Results
Recogniser performance evaluation
Recognisers performed well for most species (Table 3). Performance was high (ROC > 0.8) for templates of L. dumerilii ,L. fletcheri, and L. peronii. Performance was also high for N. sudelli and L. raniformis but the sample sizes of their evaluation files were relatively small (Table 2). Performance was moderately high (ROC > 0.7) for most templates of C. signifera and C. parinsignifera. Conversely, performance was poor for L. tasmaniensis (ROC < 0.6), for which most templates showed low precision and moderate recall.
The L. fletcherii recogniser comprised two templates from two sites. All templates performed well. The first template had very high precision with only two false positive detections in one sound file. However, it had the greatest number of false negatives (i.e. poorest recall). The highest performing template had a ROC value of 0.897 and was moderately sensitive, but yielded fewer false positives. The third template was excluded. The L. dumerilii recogniser comprised four templates from two sites. Three of the templates had very high ROC values (0.87-0.81). The fourth template displayed the greatest number of false positive detections and the poorest ROC value (0.824) was excluded from the recogniser. The L. peronii recogniser comprised three templates from a single site. Two templates, had the same ROC value of 0.847 and all templates had relatively high precision.

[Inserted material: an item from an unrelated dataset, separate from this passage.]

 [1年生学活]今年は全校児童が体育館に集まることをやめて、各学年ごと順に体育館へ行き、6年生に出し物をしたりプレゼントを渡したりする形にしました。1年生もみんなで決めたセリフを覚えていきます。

The C. signifera recogniser comprised three templates from two sites, two from site S and one from site H (Appendix 1). All three templates performed moderately well, with ROC values between 0.767 and 0.793, modest survey precision and good recall. The C. parinsignifera recognisers were constructed from three templates, stemming from two sites. The template from the first site performed poorly, with a ROC value of 0.671. This template detected over 6700 calls in 58 sound files where the species was absent (low precision). The other templates were more precise and performed moderately well, with ROC values around 0.7-0.73.
The L. tasmaniensis recognisers performed poorly, with ROC values of 0.562, 0.596 and 0.582. One template performed moderately well for survey recall (0.822) but had poor precision and a very high number of detections in sound files where the species was absent. The other templates performed worse.

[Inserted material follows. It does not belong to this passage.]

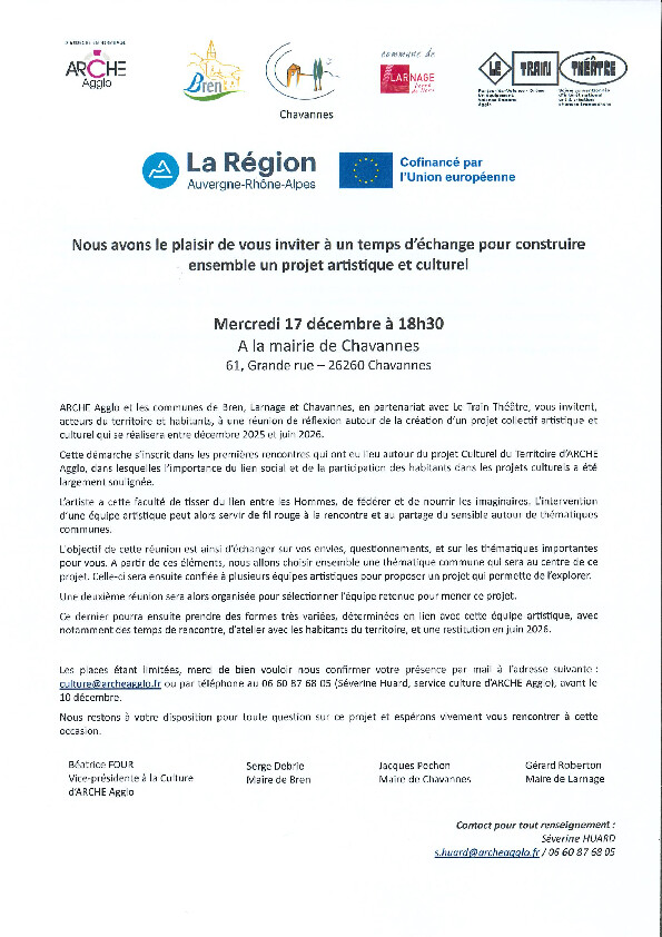 Les communes de Bren, Chavannes et Larnage participent à un projet culturel proposé par Arche Agglo.

Two other species had limited validation data. The L. raniformisrecogniser comprised three templates from site R. All performed highly, with two templates having no false positives (precision of 1.00), and one template having no false negatives (recall of 1.00). All templates had a ROC of 0.917, however these performance metrics were calculated from only 24 evaluation sound files and should be interpreted cautiously. The N. sudelli recogniser comprised three templates from site M. All templates had a high ROC value of 0.984. All templates had false positive detections in only one file, although the number of detections varied. However, performance was evaluated on only 62 sound files.